▸ Working data:

* * *

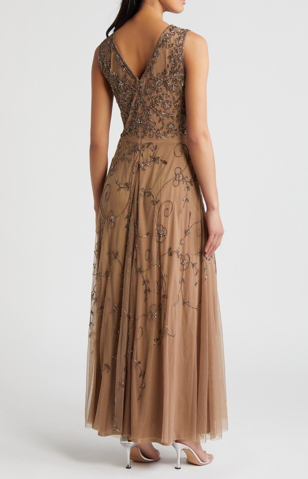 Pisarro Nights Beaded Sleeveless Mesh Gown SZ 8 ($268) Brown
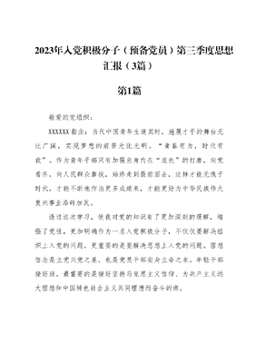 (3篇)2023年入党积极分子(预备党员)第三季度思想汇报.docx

* * *

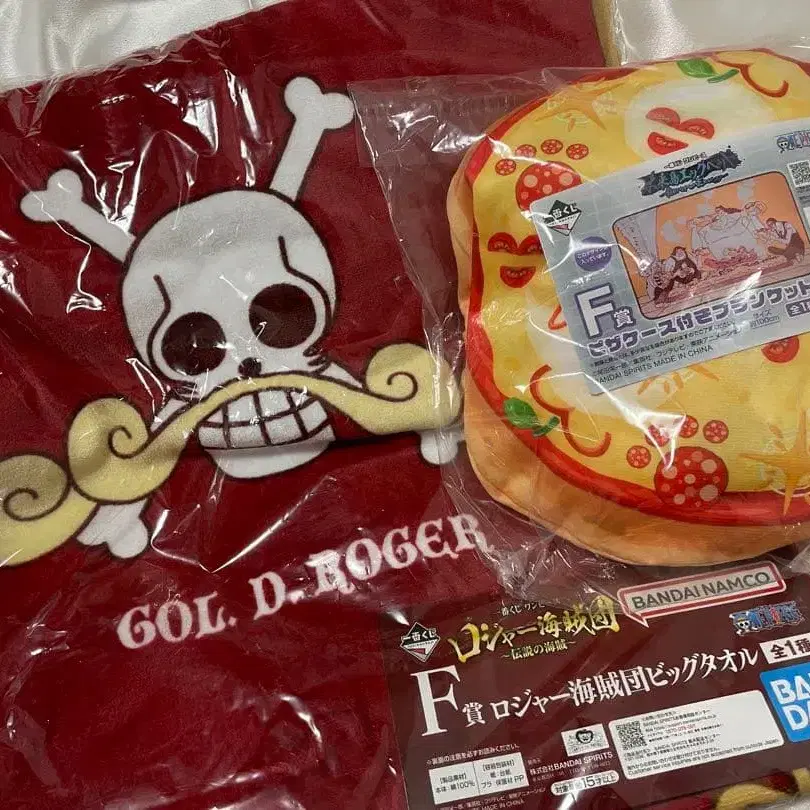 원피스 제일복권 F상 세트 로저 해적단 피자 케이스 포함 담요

* * *

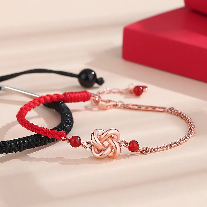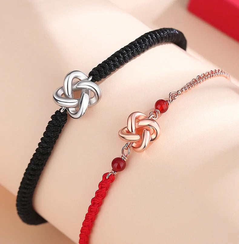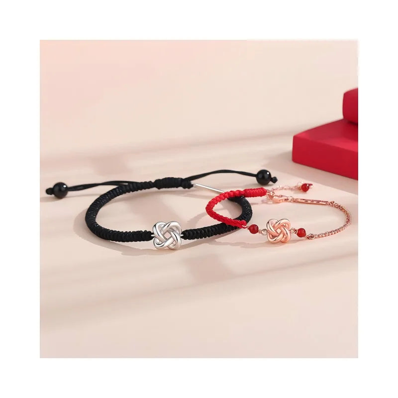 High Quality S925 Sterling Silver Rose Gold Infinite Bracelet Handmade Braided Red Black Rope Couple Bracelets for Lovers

* * *

Look back over the records above. Reproduce exactly everything from the line with "Pisarro Nights Beaded" down to the line with "(3篇)2023年入党积极分子(预备党员)第三季度思想汇报.docx", inclusive, and leave the pictures out.

▸ Exercise solution:
 Pisarro Nights Beaded Sleeveless Mesh Gown SZ 8 ($268) Brown
 (3篇)2023年入党积极分子(预备党员)第三季度思想汇报.docx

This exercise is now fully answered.